(Extracted entries)

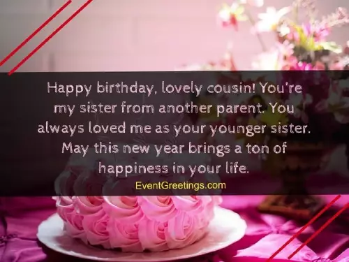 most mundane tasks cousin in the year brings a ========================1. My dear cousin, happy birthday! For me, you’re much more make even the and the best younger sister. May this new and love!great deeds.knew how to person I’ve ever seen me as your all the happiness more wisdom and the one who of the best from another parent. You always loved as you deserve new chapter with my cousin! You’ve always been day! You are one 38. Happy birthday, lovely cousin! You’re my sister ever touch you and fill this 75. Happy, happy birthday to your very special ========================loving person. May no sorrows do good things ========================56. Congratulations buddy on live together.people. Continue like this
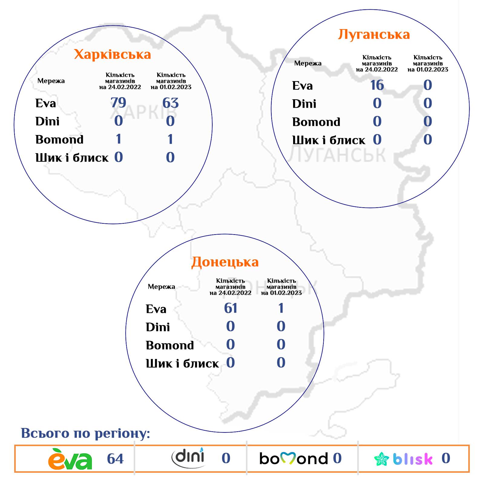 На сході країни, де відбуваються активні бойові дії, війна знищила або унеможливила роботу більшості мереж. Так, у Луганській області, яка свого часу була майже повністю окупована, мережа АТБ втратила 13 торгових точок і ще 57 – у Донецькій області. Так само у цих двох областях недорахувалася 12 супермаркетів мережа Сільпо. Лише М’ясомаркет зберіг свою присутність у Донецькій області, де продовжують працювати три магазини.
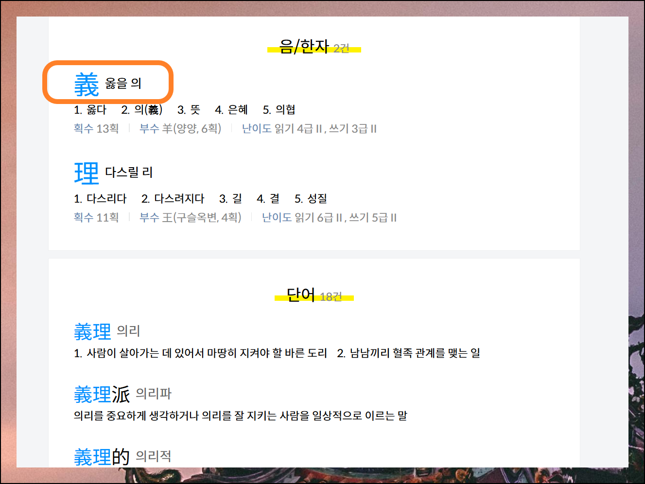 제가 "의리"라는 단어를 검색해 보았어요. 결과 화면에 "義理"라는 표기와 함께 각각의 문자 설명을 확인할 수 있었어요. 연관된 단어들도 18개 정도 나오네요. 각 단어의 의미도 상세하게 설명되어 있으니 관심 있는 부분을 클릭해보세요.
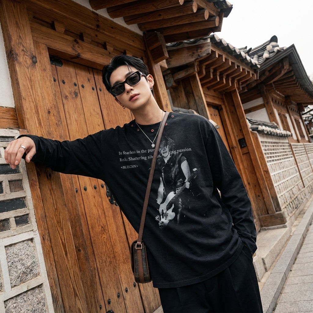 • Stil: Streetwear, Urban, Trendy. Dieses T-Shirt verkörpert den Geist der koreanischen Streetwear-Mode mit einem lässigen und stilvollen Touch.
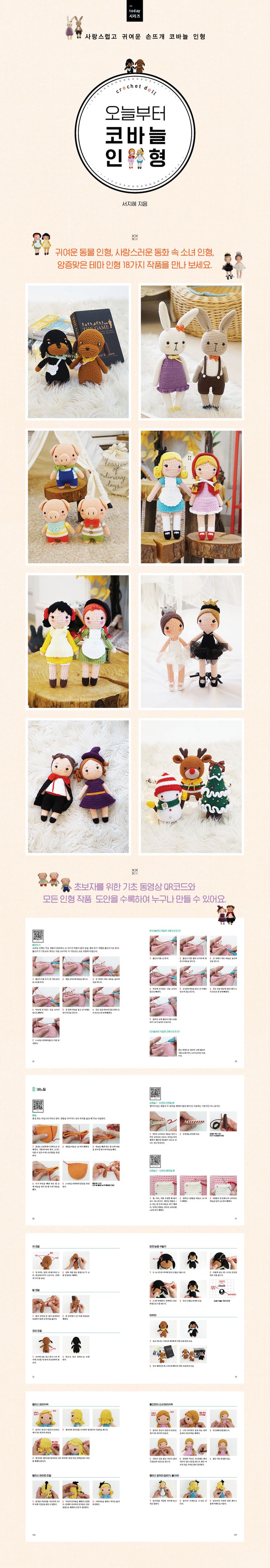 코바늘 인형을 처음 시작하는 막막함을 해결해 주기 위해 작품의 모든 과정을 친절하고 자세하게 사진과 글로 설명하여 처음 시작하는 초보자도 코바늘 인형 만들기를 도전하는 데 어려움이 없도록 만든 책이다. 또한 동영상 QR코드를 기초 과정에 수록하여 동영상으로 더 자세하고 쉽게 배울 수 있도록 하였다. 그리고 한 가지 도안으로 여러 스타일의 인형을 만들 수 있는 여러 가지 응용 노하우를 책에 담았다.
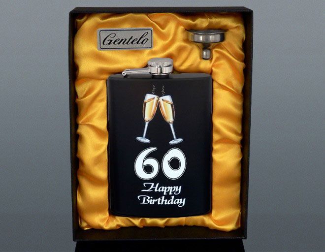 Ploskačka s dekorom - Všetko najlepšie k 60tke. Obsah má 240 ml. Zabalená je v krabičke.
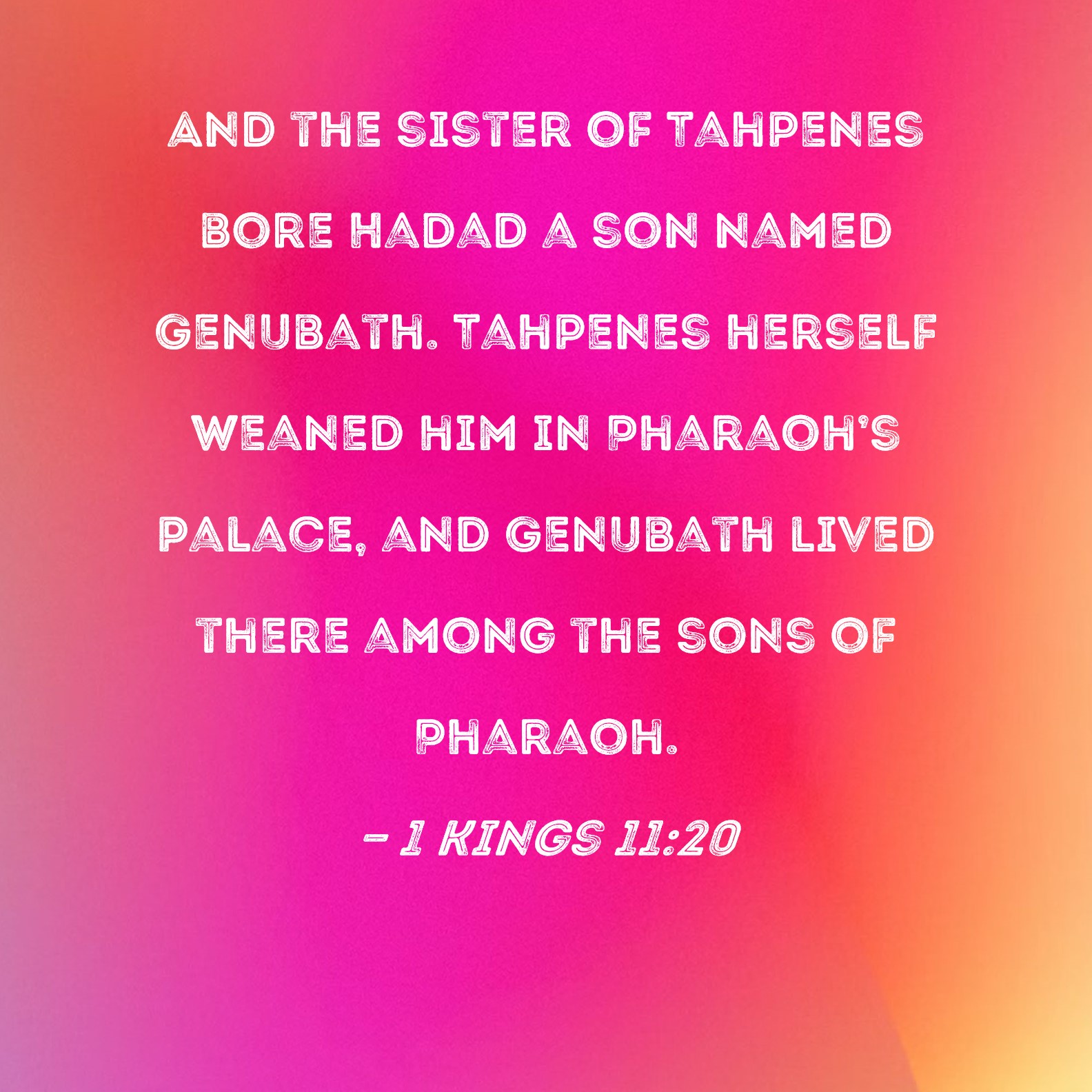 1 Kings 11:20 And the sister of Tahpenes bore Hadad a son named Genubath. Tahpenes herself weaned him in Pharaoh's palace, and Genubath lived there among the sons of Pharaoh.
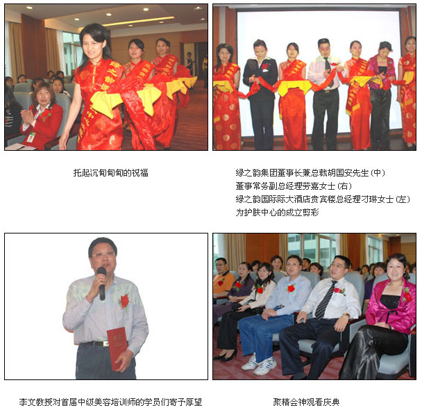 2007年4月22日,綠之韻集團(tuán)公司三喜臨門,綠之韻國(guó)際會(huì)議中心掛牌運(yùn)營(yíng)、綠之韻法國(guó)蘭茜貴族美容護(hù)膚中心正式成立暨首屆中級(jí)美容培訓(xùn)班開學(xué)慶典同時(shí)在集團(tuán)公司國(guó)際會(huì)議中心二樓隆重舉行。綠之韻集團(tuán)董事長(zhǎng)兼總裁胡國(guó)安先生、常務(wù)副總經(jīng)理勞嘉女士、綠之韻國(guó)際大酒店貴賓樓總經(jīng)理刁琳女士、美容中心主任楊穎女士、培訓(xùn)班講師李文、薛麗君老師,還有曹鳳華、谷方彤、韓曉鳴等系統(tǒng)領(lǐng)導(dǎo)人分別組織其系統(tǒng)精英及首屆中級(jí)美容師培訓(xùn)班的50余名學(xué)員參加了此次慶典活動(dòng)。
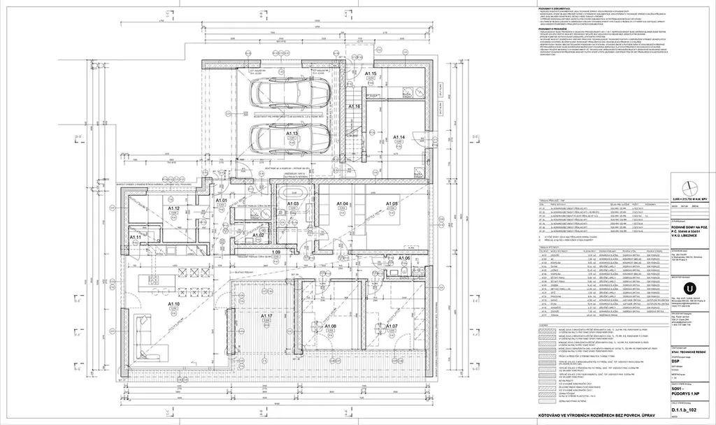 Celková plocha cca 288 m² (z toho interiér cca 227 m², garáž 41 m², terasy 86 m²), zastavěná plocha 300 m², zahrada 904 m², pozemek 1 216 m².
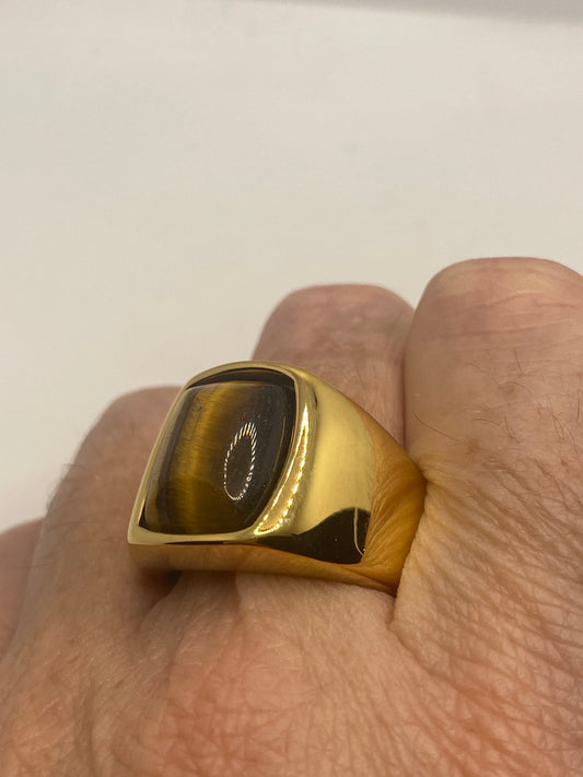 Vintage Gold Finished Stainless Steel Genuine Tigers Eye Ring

(End Extracted entries)

What to do »
Repeat exactly the lines above, from the line that contains "코바늘 인형을 처음 시작하는" down through the line that contains "1 Kings 11:20". Include both of those lines and none of the pictures.

Your response »
 코바늘 인형을 처음 시작하는 막막함을 해결해 주기 위해 작품의 모든 과정을 친절하고 자세하게 사진과 글로 설명하여 처음 시작하는 초보자도 코바늘 인형 만들기를 도전하는 데 어려움이 없도록 만든 책이다. 또한 동영상 QR코드를 기초 과정에 수록하여 동영상으로 더 자세하고 쉽게 배울 수 있도록 하였다. 그리고 한 가지 도안으로 여러 스타일의 인형을 만들 수 있는 여러 가지 응용 노하우를 책에 담았다.
 Ploskačka s dekorom - Všetko najlepšie k 60tke. Obsah má 240 ml. Zabalená je v krabičke.
 1 Kings 11:20 And the sister of Tahpenes bore Hadad a son named Genubath. Tahpenes herself weaned him in Pharaoh's palace, and Genubath lived there among the sons of Pharaoh.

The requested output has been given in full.